No longer could all of life, or anything else, be charted on a flat
plane. If everything living today could be placed on a flat plane,
there would still have to be dimensions above and below to represent
what the present evolved from and what it is evolving to become in
the future. The ongoing post-Darwinian socio-political tumult over
teaching evolution reflects the difficulty of learning to think in
multiple dimensions. A case can be made, however, that the rapid
progress made in almost every branch of science, technology, and
even moral and political philosophy since Darwin has resulted from
broad use of multiple dimensional thinking of a sort rarely
practiced–or taught–pre-Darwin.
The Darwinian world view led eventually to the introduction
of cladistics. A clad is a biological grouping of an ancestral
species and all of its descendants. Cladistics are the study of
clads. Cladists are the people who do the studying. As simple and
logical as cladistics seem to be, as a method of organizing
evolutionary discovery, they cut diagonally through the approaches
of all previous taxonomy. For example, every folk taxonomy Yoon has
discovered has recognized “fish” as a unique grouping of animals who
live in an aquatic environment. Some taxonomies have included
shellfish and marine mammals among the “fish,” but despite the
seemingly obvious “errors” around the edges of “fish,” the existence
of “fish” as a natural taxonomic grouping appears to be self-evident.

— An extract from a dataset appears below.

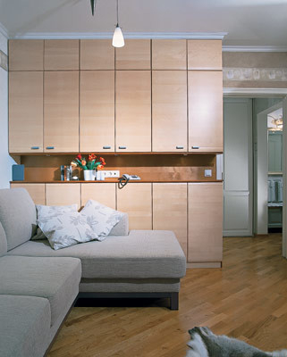 стенкой в гостиной-спальне- гардеробный отсек

To cladists, “fish” don’t exist, because they do not all
share common ancestors who were fish, and do not all have
descendants who are fish. As Yoon explains, lungfish are more
closely related to cows than to salmon. “Fish” may describe an
evolutionary phase, and a state of being, but is not a cladistic
category.
That cladists no longer recognize “fish” as a grouping of
species, Yoon argues, does not invalidate “fish” as a useful
taxonomic concept. Understanding evolutionary taxonomy is essential
to much work in the life sciences, but other taxonomic approaches
are still more useful in day-to-day human pursuits.

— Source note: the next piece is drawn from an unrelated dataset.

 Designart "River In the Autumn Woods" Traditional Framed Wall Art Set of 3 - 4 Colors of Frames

Yoon touches only lightly in the 299 pages of Naming Nature
on the applications of taxonomy to animal adovacy. Yet humane work,
animal rights theory, and species conservation are all founded on
concepts of taxonomy, recognizing classes of beings who suffer as
result of mistreatment, and succeed or fail to the extent that
animal advocates are able to persuade others to accept or reject
adjustments in taxonomic definition, for instance in legally
distinguishing “pets” from “farm animals,” and “native” from
“non-native” species.
Efforts to establish rights for great apes, based on human
rights, proceed from taxonomic recognition that humans essentially
are great apes, but if the test for cultural and intellectual
likeness to humans crossed cladistic categories, pigs, dogs, and
several bird species might have a equal claim to rights.
Speciesism, in light of Yoon’s work, may be defined as
simply a matter of people self-interestedly accepting one taxonomic
approach over another, which might be every bit as logical but is
not as easily bent to human purpose.